CloudMViT: Cloud Classification Using Ground-Based Remote Sensing Imagery and a Lightweight Hybrid Architecture
Abstract. Ground-based remote sensing cloud image data can be used to analyze regional cloud type variation trends, thereby predicting future water resource supply capacity. However, existing cloud classification methods based on ground-based remote sensing imagery often suffer from limited recognition accuracy due to insufficient fine-grained feature extraction, and their large model parameter counts hinder deployment on embedded terminals. To address these issues, this study proposes CloudMViT, a lightweight hybrid network architecture fusing a dual-pooling channel attention module and cross-scale self-attention, which enhances both local and global feature representation of cloud images while optimizing computational efficiency. Specifically, the model suppresses sky background interference and strengthens cloud edge features via the dual-pooling channel attention module that combines global average pooling (GAP) and global max pooling (GMP); captures cross-channel detailed features (e.g., cirrus fibril structures and stratocumulus shadows) using depthwise separable convolution and a decoupling mechanism; and further reduces model parameters by introducing CloudGhost cascade compression technology through linear feature redundancy elimination.Experiments on the World Meteorological Organization (WMO)-compliant HBMCD (10 standard cloud genera) and GCD (7 sky conditions) datasets demonstrate that CloudMViT achieves classification accuracies of 98.81 % and 95.13 %, respectively, significantly outperforming lightweight models such as MobileViT and EfficientNet. Ablation experiments validate the effectiveness of the dual-pooling channel attention module (improving accuracy by 5.31 %) and the CloudGhost module (increasing inference speed by 50 %). When deployed on the RK3588 embedded platform, the INT8-quantized CloudMViT enables real-time inference, maintaining an accuracy of 94.79 % with only 0.47 MB of memory occupation. The proposed cloud classification method and hardware acceleration strategy provide a feasible solution for the development of portable ground-based cloud observation and classification devices.
Â
This manuscript presents an impressive work on ground-based cloud classification. It proposes CloudMViT, an innovative lightweight hybrid architecture that effectively integrates a dual-pooling channel attention module and cross-scale self-attention. The model achieves quite high classification accuracies on two high-quality datasets, including the fully WMO-compliant HBMCD and the GCD dataset which contains multiple WMO-standard cloud genera, and demonstrates excellent practical viability through successful deployment on the RK3588 embedded platform. To further strengthen the manuscript's impact and clarity, adding the introduction to cloud categories and the cloud image datasets, providing a deeper physical interpretation of the model's behavior, a detailed analysis of quantization-induced accuracy loss, and clarifying a few points regarding symbol/table consistency would be beneficial.

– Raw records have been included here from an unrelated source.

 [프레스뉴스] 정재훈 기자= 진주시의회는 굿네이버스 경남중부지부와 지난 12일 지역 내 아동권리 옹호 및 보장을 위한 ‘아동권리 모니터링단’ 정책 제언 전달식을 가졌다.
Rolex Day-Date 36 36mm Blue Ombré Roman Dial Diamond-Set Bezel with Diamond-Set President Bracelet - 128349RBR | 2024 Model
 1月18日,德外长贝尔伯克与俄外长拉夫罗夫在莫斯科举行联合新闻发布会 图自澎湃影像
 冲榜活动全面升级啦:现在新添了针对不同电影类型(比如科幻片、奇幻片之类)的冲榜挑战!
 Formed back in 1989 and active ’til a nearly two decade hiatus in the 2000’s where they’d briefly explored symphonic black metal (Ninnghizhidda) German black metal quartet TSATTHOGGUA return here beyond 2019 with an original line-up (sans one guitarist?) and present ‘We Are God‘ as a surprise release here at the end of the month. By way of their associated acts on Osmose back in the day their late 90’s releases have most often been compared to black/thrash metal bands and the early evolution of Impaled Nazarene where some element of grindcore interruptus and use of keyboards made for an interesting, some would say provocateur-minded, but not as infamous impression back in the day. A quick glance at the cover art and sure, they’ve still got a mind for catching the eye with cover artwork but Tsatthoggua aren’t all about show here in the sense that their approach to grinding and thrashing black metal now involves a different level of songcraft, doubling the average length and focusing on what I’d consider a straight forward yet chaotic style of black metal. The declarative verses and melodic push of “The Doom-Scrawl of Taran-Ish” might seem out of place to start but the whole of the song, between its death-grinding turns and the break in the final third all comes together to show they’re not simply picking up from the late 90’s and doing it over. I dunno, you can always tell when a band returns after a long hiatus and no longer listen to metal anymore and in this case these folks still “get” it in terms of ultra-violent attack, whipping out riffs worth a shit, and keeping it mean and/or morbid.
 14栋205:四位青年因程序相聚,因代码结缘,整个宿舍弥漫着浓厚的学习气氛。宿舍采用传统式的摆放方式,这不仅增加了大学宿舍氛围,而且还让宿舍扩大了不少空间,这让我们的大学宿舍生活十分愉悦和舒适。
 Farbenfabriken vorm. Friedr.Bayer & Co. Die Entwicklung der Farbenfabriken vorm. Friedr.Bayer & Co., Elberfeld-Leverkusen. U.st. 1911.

I recommend publication after these minor enhancements.
Major Comments
Specific Comments
1.Many citation marker were missing in the literature; for example, line 55 Wang et al.; and in Section 2 Method, during the introduction of each method I couldn’t see any references
2.In Section 3.2, the manuscript states "total number of iterations was 100." However, deep learning training typically uses "epochs" rather than "iterations." The authors should clarify the intended meaning and unify the terminology to avoid confusion.
3. In Fig. 1, σ points to the output of the sigmoid activation function. In Eq. (1), η=σ(Vkγ), where σ already denotes the sigmoid function. However, Fig. 1 also shows a multiplication operation (⊗) after σ, which is not reflected in Eq. (1). The authors should check and correct this inconsistency.
4. The Conclusion states that the inference time is "only 0.006 s," but Table 10 lists an inference time of 30.14 s for CloudMViT (total time). Readers cannot easily derive the per-image inference time of 0.006 s. The authors should verify and correct the data, or explicitly state the calculation basis for the per-image inference time.
5. In Eq. (4) and Eq. (5), the parameters band rare only stated as "set to 1 and 2" in the text, but their physical meaning or derivation is not explained. Readers cannot understand why these specific values were chosen. The authors should clarify the physical significance or the basis for determining these parameters.
6. Fig. 6 labels step1, step2, and step3. Section 2.5 describes them as "Step 1: Extraction of local detailed features,""Step 2: Extraction of global features," and "Step 3: Enhancement of local detailed features." However, step1 and step3 have identical structures in the figure, and step2 is positioned in the middle. The text states that step3 "repeats step1," but the spatial arrangement in the figure conflicts with the semantic meaning of "repetition." The authors should revise either the figure or the text to ensure consistency.
7. The "Inference Time/s" column in Table 10 shows large values (e.g., 30.14 s for CloudMViT), but the manuscript does not specify that this is the total time for the entire test set . Readers may mistakenly interpret it as the per-image inference time, leading to misunderstanding of the model's speed. The authors should clearly label the column as "Total Inference Time on test set" in the table header or footnote, and also provide the per-image inference time in the main text.